Retype each line of the data below exactly, beginning with the first and ending with the one that contains "Conservato in acqua". Pictures do not belong in the copy.

__COLLECTED DATA__
★ ★ ★

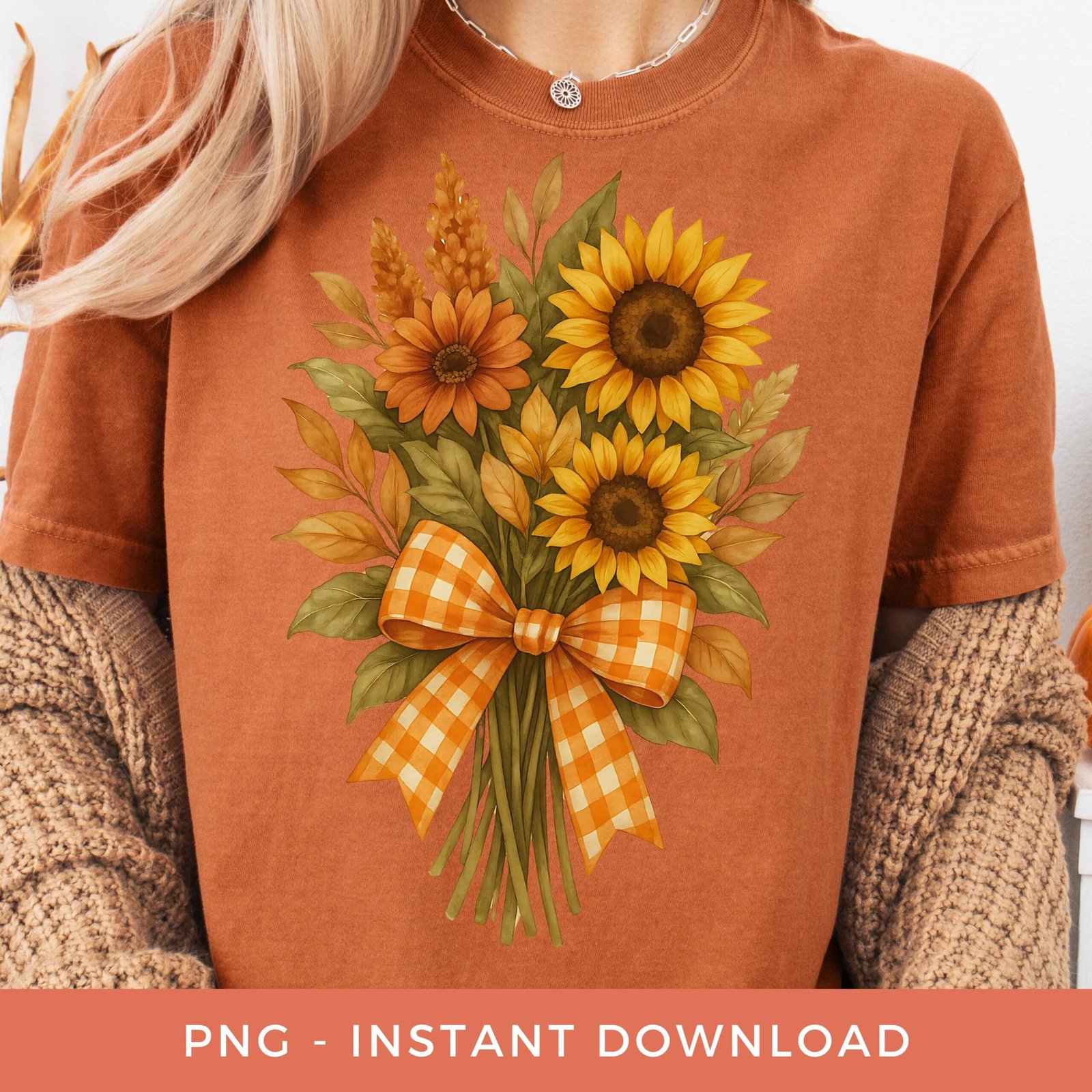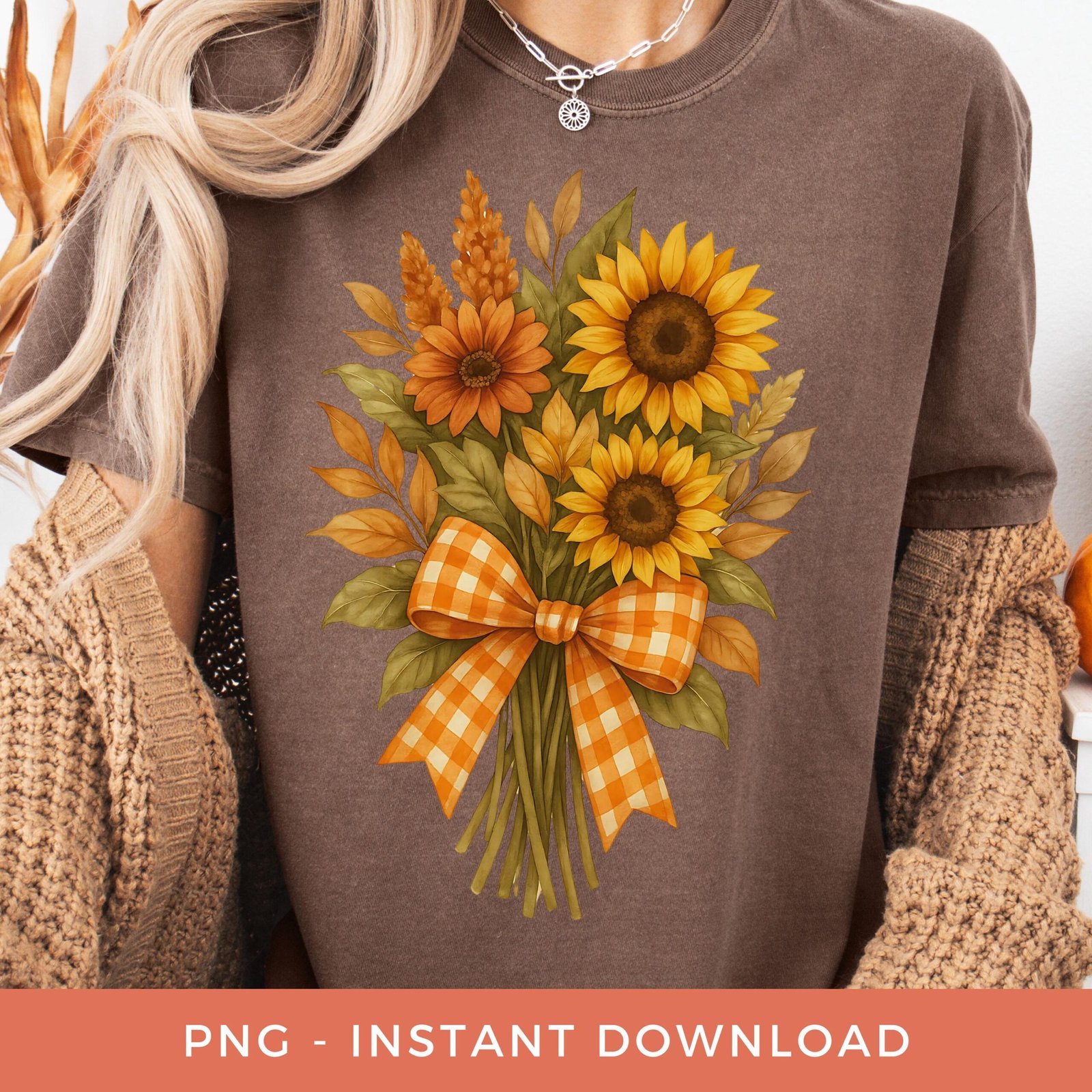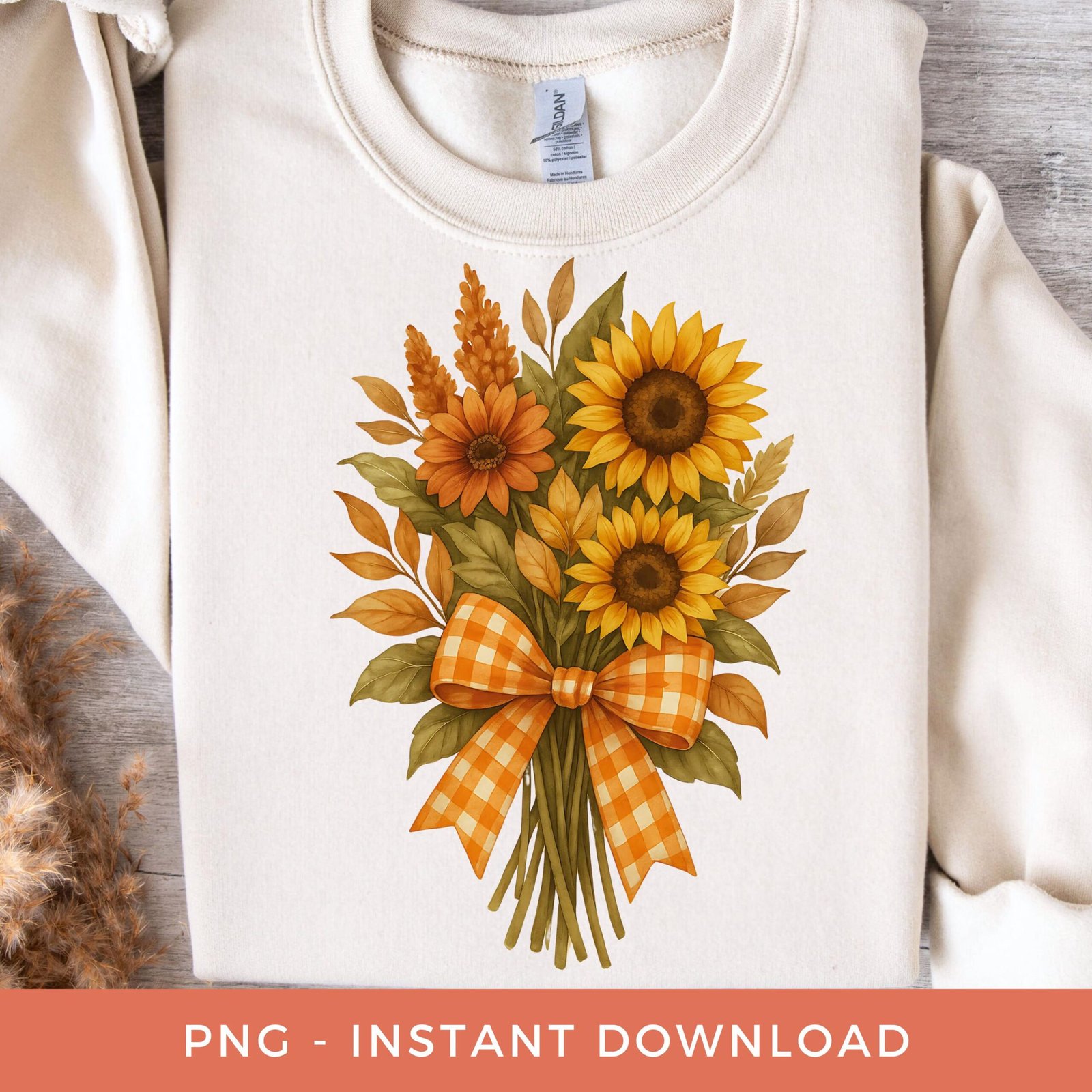 Floral Fall Season PNG, Preppy Coquette Bow Clipart, Autumn Sunflower Bouquet Sublimation, Fall Shirt Design, Retro Flowers PNG.
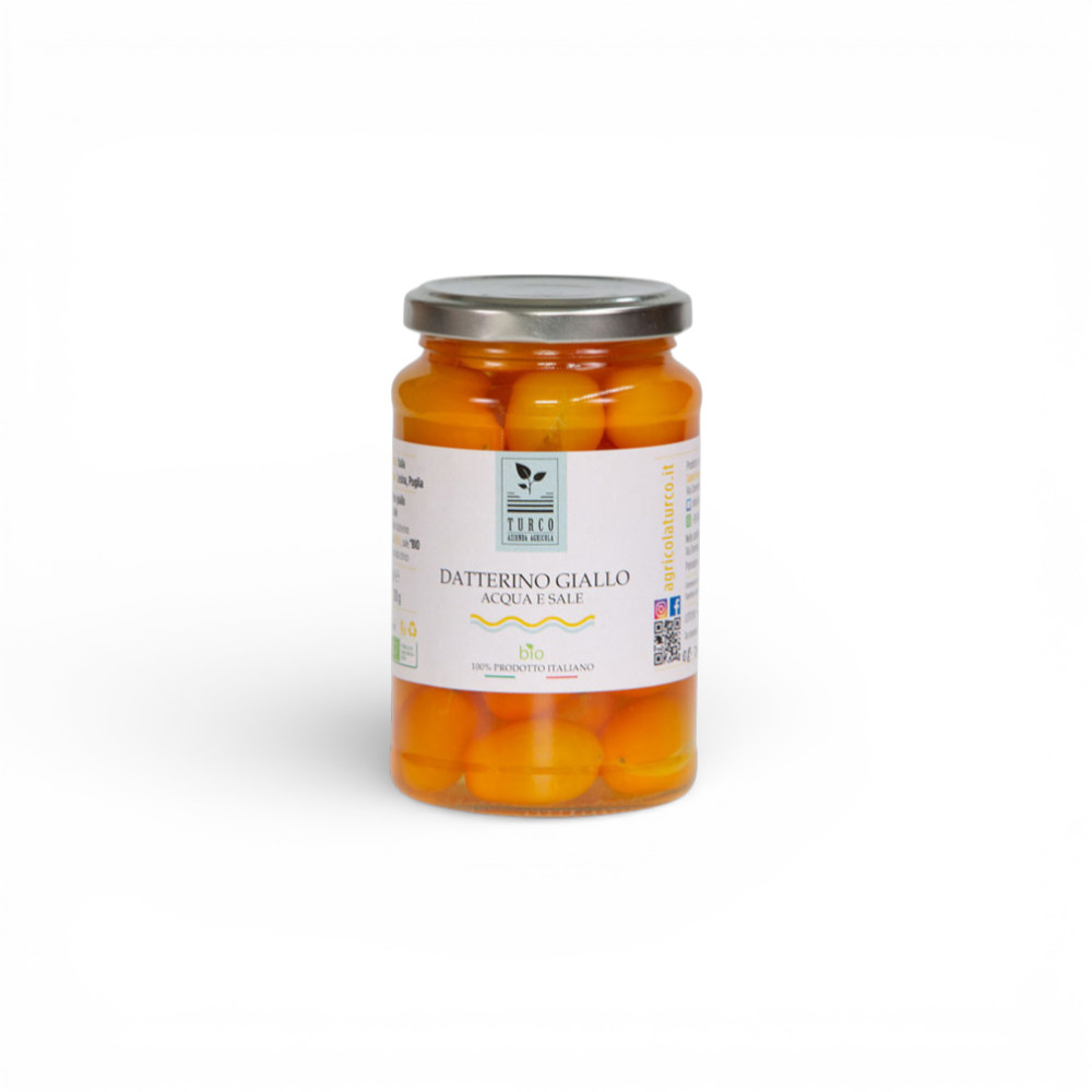 Conservato in acqua e sale per preservare tutta la freschezza e la fragranza, il nostro pomodoro datterino giallo sembra appena raccolto. Un prodotto semplice e genuino, pensato per portare tutto l’anno il vero sapore del pomodoro fresco direttamente in tavola.
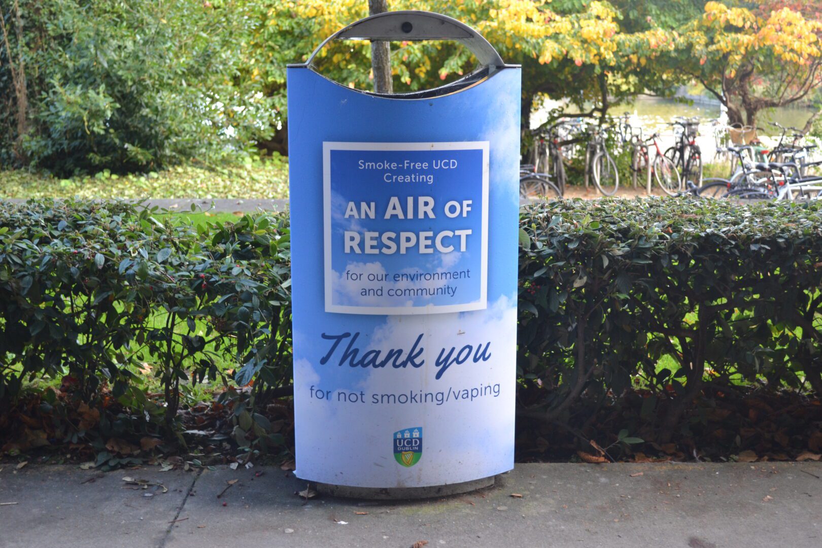 The Policy states that ‘defined areas of its campuses are smoke-free and that smoking and vaping/e-smoking in all forms is prohibited in these areas.’ Phase One was implemented in September 2015. Smoke-free zones within 10 metres of all building entrances and in prescribed areas, which included the UCD James Joyce Library colonnades, the front of the O’Brien Centre for Science, the front of Newman building, the front of UCD Sutherland School for Law, and the front of UCD Lochlann Quinn School of Business.
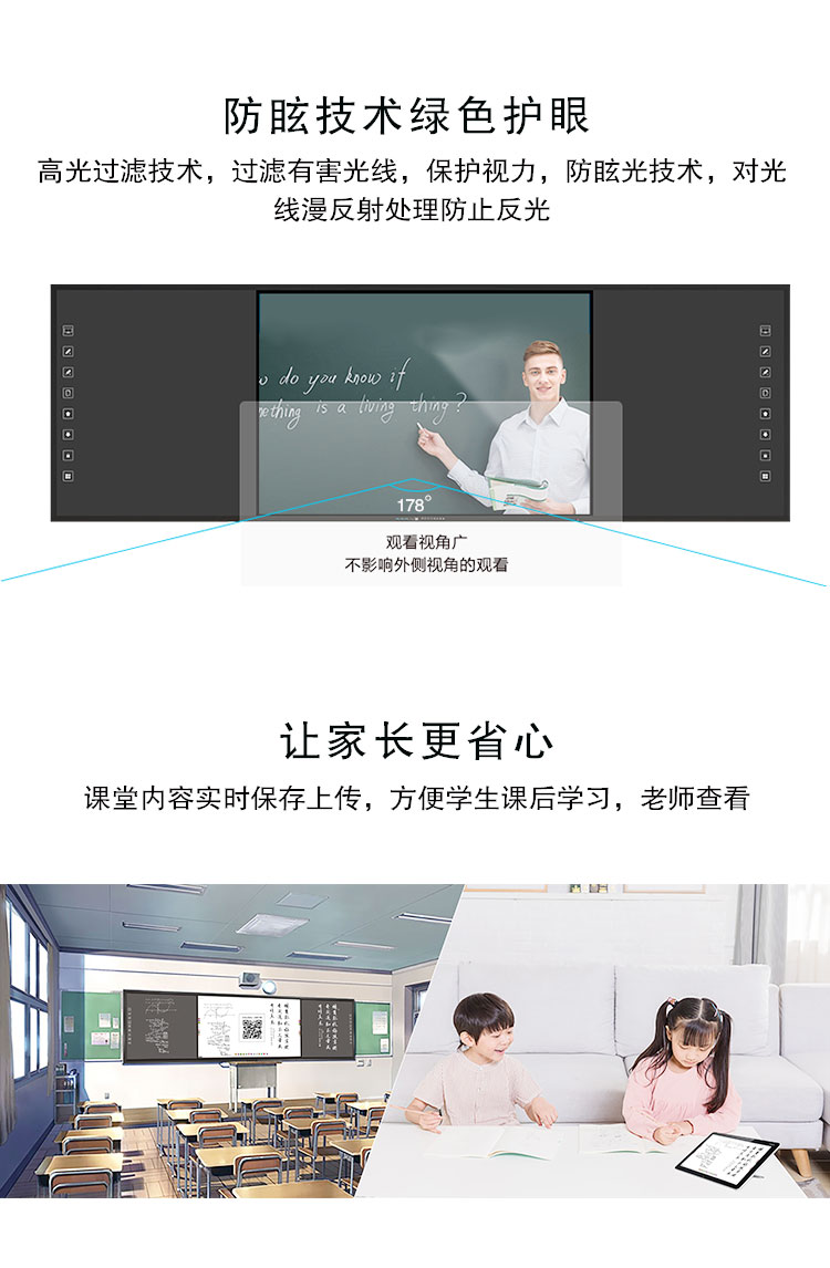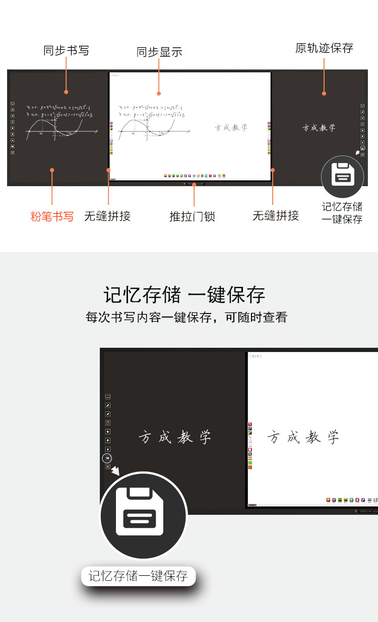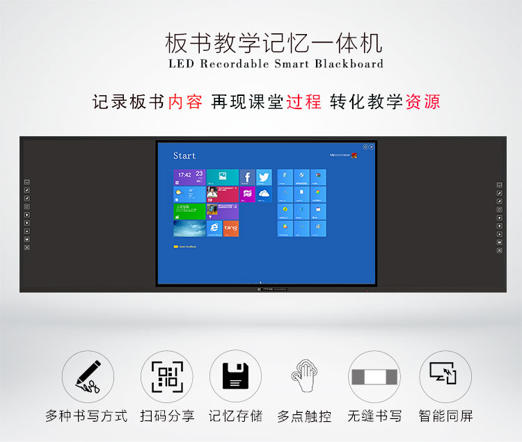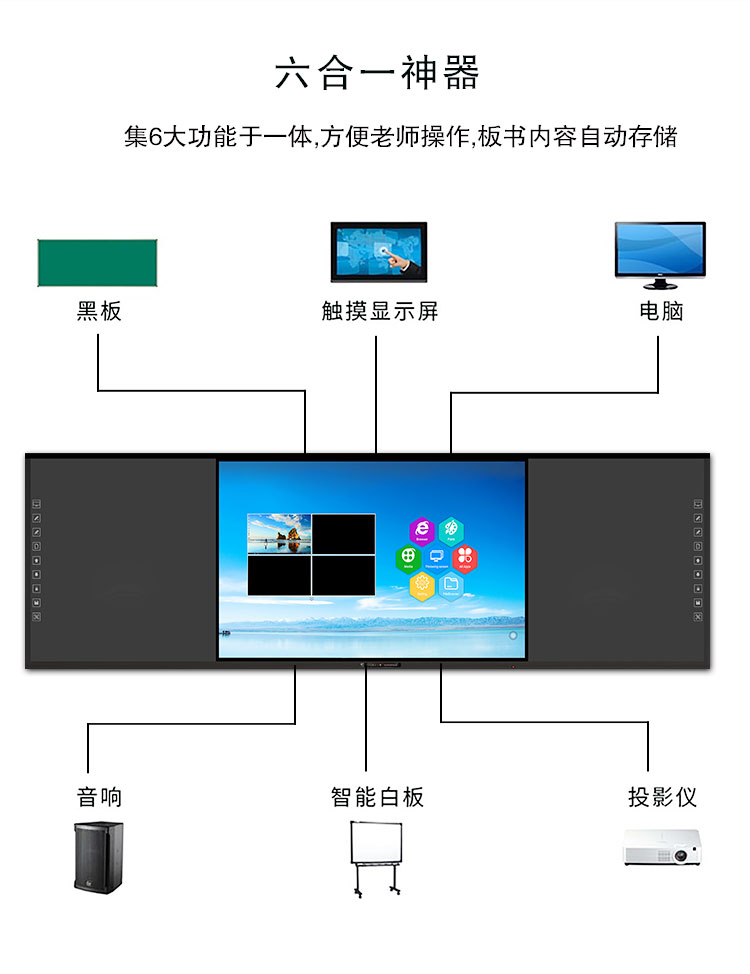 觸摸屏一體機集電腦、音箱、展臺、智能中控、白板于一體,采用一體化無縫拼接設計美觀大氣,電控展臺方便收納,紅外二十點觸控滿足多人同時書寫,板面采用冷軋面板防撞防刮,尺寸擴展性強,滿足不同教學場景需求。

★ ★ ★

__TASK RESPONSE__
 Floral Fall Season PNG, Preppy Coquette Bow Clipart, Autumn Sunflower Bouquet Sublimation, Fall Shirt Design, Retro Flowers PNG.
 Conservato in acqua e sale per preservare tutta la freschezza e la fragranza, il nostro pomodoro datterino giallo sembra appena raccolto. Un prodotto semplice e genuino, pensato per portare tutto l’anno il vero sapore del pomodoro fresco direttamente in tavola.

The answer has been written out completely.